Logging data to Google Sheets through AWS IoT(Lambda)


In this article we will be logging sensor readings to a Google sheet using an AWS IoT gateway.  It’s interesting to see integration between two Tech giants like these so it should be fun to implement.  This article may be slightly on the advanced side due to account setup and requiring both an AWS account as well as a Google Developer account, however the code writing is minimal and it will be provided in this article.

Before we begin

First it will be important to ensure your AWS IoT Gateway is running version 1.0.2 or higher.  To check this put your gateway into setup mode by pressing and holding the CFG button until the LED flashes blue.  Connect to it through WiFi, then open its web interface by entering into your web browser.  Look at the version code at the bottom of the page, if it is not 1.0.2 or higher click Advanced, then danger zone, and check for a firmware update there.  

The directive of this article is not to assist in setting up your AWS Gateway, that has already been covered in the WiFi Micro Gateway Setup for Amazon AWS, so if you have not already done that please do so before proceeding through this article.  The remainder of the article assumes you have your AWS Gateway connected to AWS IoT, have at least one sensor reporting through it, and your AWS account is in good health.

Google Developer Project Setup

Create a Google Developer Project

You’ll need to create a new Project.  At the time this article was developed this can be found by clicking to the right of Google APIs in the top bar, but that may change in the future.  

Give the project a name.
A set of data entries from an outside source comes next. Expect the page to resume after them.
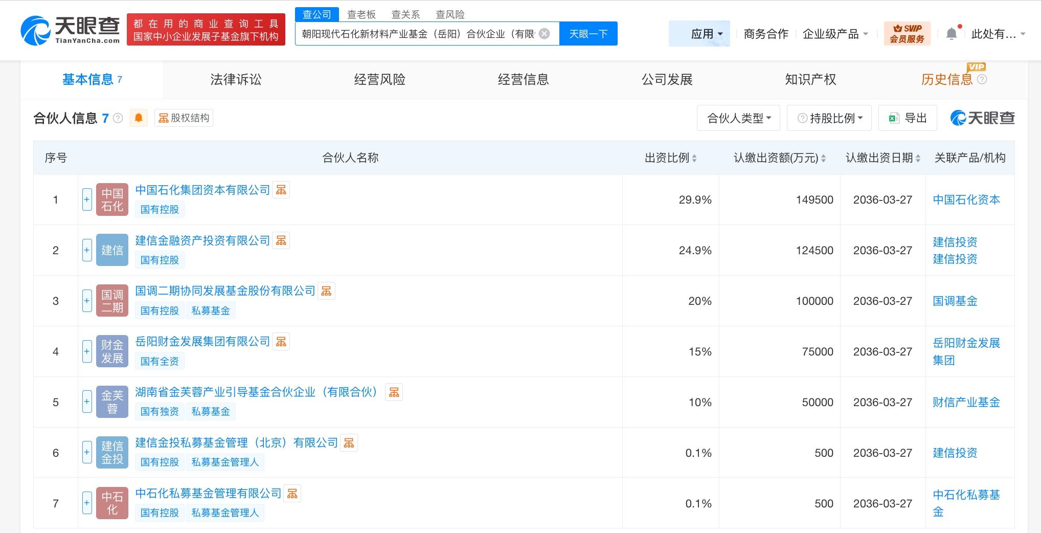 天眼查工商信息显示,近日,朝阳现代石化新材料产业基金(岳阳)合伙企业(有限合伙)成立,执行事务合伙人为中石化私募基金管理有限公司、建信金投私募基金管理(北京)有限公司,出资额50亿人民币,经营范围包括创业投资,以私募基金从事股权投资、投资管理、资产管理等活动,企业管理咨询。合伙人信息显示,该基金由中国石化集团资本有限公司、建信金融资产投资有限公司、国调二期协同发展基金股份有限公司、岳阳财金发展集团有限公司等共同出资。
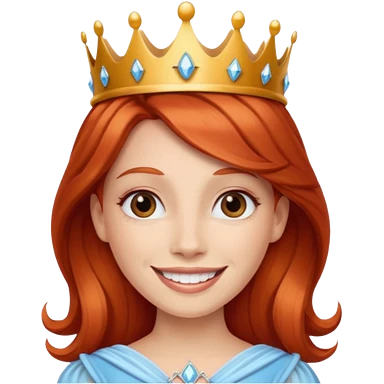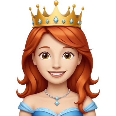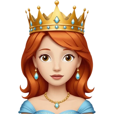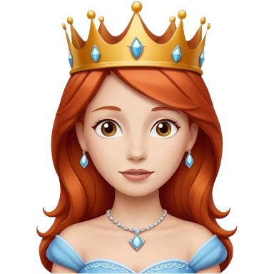 una princesa de tes blanca cabello largo color cobrizo con ondulaciones en las puntas del cabello ojos grandes color castaño con corona y vestido amarillo emoji
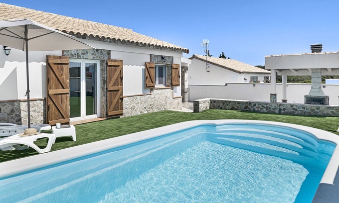 With a view of the Atlantic, the holiday home Casa Faquinse La Muela 2 with step-free access and interior in Vejer de la frontera is perfect for a relaxing holiday. The 60 m² property consists of a living room, a fully-equipped kitchen, 2 bedrooms and 1 bathroom and can therefore accommodate 4 people. Additional amenities include high-speed Wi-Fi (suitable for video calls) with a dedicated workspace for home office, a smart TV with streaming services, air conditioning, a fan, a washing machine as well as a dryer. A baby cot and a high chair are also available. Welcome to our vacation rental with an enticing private outdoor space. Take a refreshing dip in the pool, bask in the lush garden, unwind on the open terrace, find shade on the covered terrace, savor grilled delights on the barbecue, and rinse off in the outdoor shower.
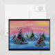Pintura gráfica de veleros de color neón sobre las olas del océano al amanecer.
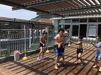 梅雨明けの青空のもと,テラスを綺麗にして,水鉄砲大会を行いました。
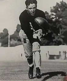 Orville Ernest Mohler (May 29, 1909 – November 27, 1949), sometimes referred to as Orv Mohler, was an American football and baseball player. He grew up in Alhambra, California, and attended the University of Southern California (USC).[1] At USC, Mohler was the student council president, shortstop for the USC Trojans baseball team, and quarterback for the USC Trojans football team.[2][3] He led the 1931 USC Trojans football team to a national championship and a victory in the 1932 Rose Bowl, and, at the end of the 1931 season, he was selected by the Central Press Association as a second-team All-American fullback and by the Associated Press as a third-team All-American quarterback.[4][5] In 1933, after graduating from USC, Mohler played professional baseball in the Pacific Coast League for the Mission Reds. Mohler was married on August 13, 1933 to Bernadine Olson.[2]
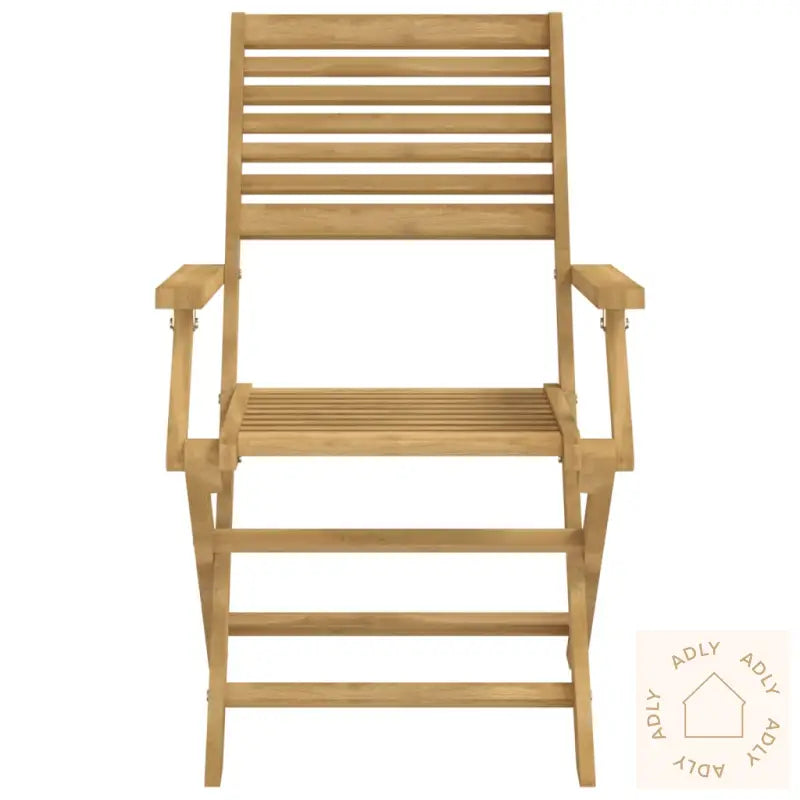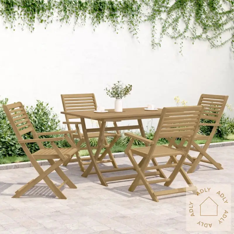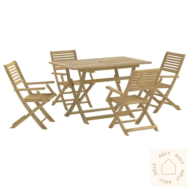Hagespisegruppen er laget av heltre akasie med lett finish for ekstra stabilitet, slitestyrke og et karakteristisk utseende. Akasietre har unike årringer og vakre knuter som gir et naturlig og rustikt preg du vil sette pris på i mange sesonger.De komfortable hagestolene har både armlener og ryggstøtte, noe som gjør det ekstra behagelig å sitte lenge rundt bordet, enten det er til måltider, gode samtaler eller avslapning.Lamelldesignet sørger for luft mellom bordplaten og stolsetene, så vann renner raskt av. Dette hjelper med å holde møblene tørre og forlenger levetiden til heltre akasie samtidig som finishen holder seg pen over tid.Bordplaten er romslig og stabil, slik at du får godt med plass til servering, fruktfat, drikke eller pynt. Diameteren på parasollhullet gjør det enkelt å sette opp en parasoll når solen steker.Takket være det smarte sammenleggbare designet, kan både bordet og stolene foldes bort for enkel oppbevaring eller transport – ideelt hvis du har begrenset plass eller ønsker å beskytte møblene ekstra godt innendørs om vinteren.Godt å vite:
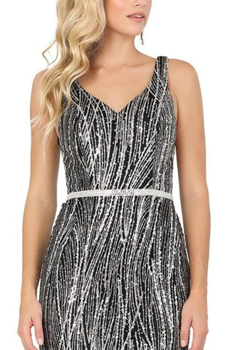| Details: | Glitter Motif, Sleeveless, Beaded Waistband, Sheer Plunged Sides, Deep V-Open Back, Back Zipper Closure, Sweep Train |
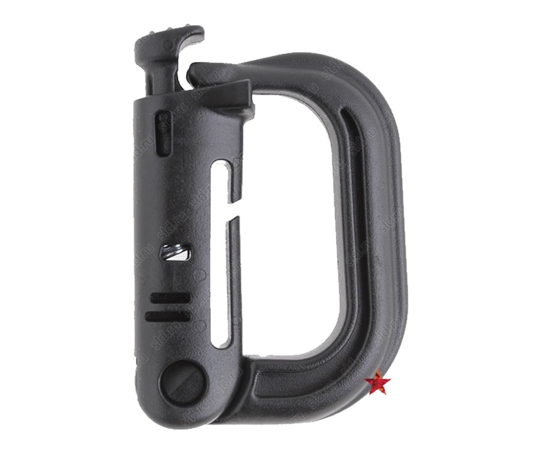 Пластиковый карабин, способный раскрываться пополам. За счет специальной прорези в корпусе, он может закрепляться на 25 мм стропе PALS или креплении MOLLE. Применяется для крепления подсумков, снаряжения и экипировки на нейлоновые ремни, ремневые крепления или аналогичные по назначению конструкции (шнуры, веревки, стропы и т.д.).
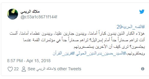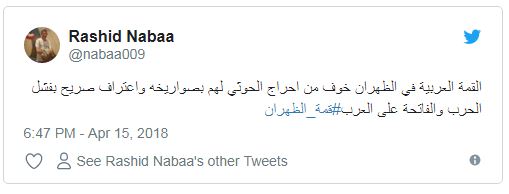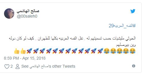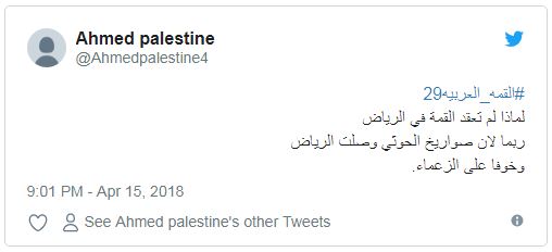 وتصدر “الحوثي” هاشتاغات القمة العربية، وبدل من أن تتحدث تغريدات النشطاء عن مواضيع القمة والشأن العربي، دارت معظم الأحاديث عن رعب زعماء العرب من الصواريخ اليمنية التي أجبرتهم على عقد قمتهم بـ”الظهران” بدلا من الرياض.
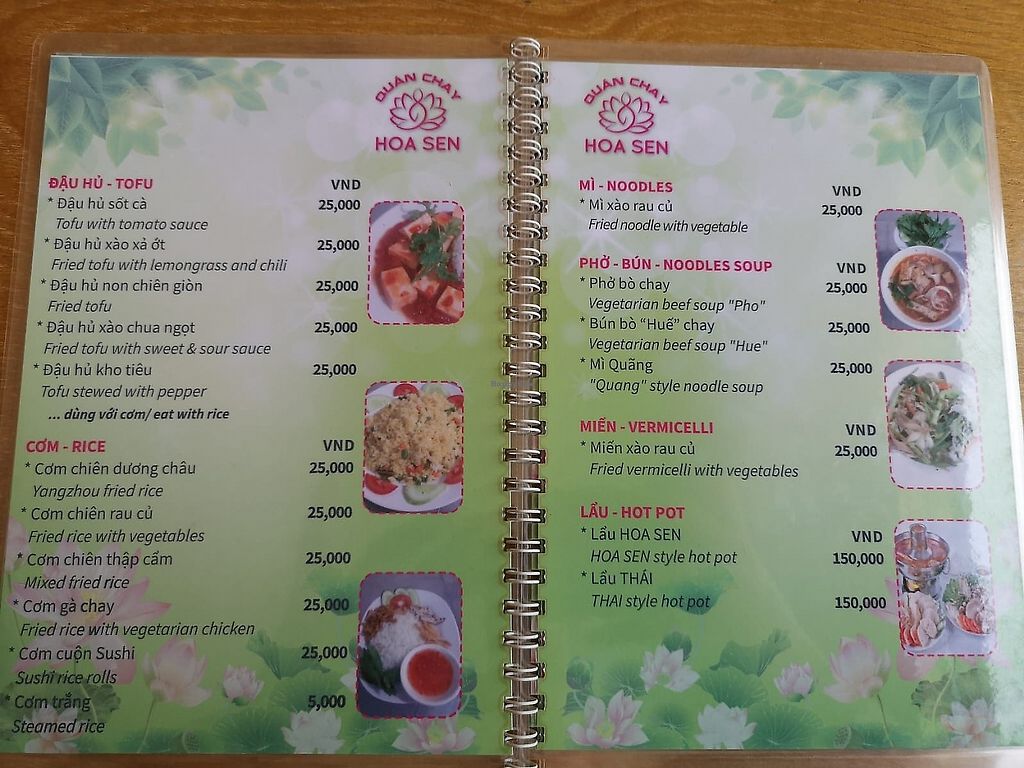 They have an amazing menu, so what to choose:). We enjoyed the tofu in tomato sauce and eggplant stew with ginger and were amazed with the nice flavors. We found this place our last evening otherwise I would loved to come back and try some more. the portions are quite small, but cheap (25k for a dish) so we were happy to order some spring rolls and a smoothie on the side.
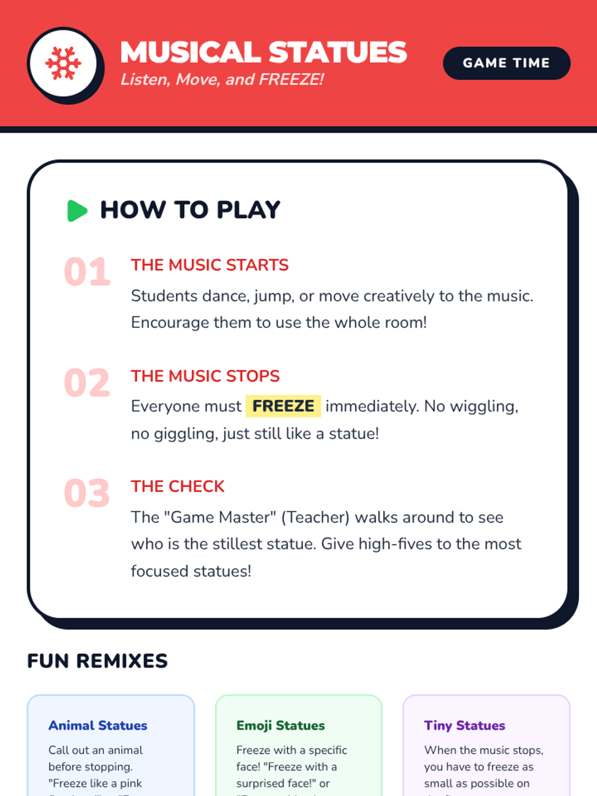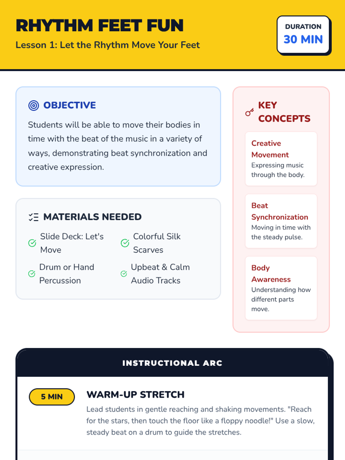 Students will be able to move their bodies in time with the beat of the music in a variety of ways, exploring body awareness and synchronization.

For the sake of simplicity I’ll call mine “Temperature-Logger”.

After you have entered the required information click Create.

Enable the Google Drive API on the Project

After the project is created make sure that it is the currently selected project on the console (the selected project should be shown near the top of the page).

Click on Enable APIs and Services at the top of the page.  This will take you to the search page for Google APIs.  We want to select Google Drive API under the category G Suite.  Click Enable on Google Drive API to add it to this project.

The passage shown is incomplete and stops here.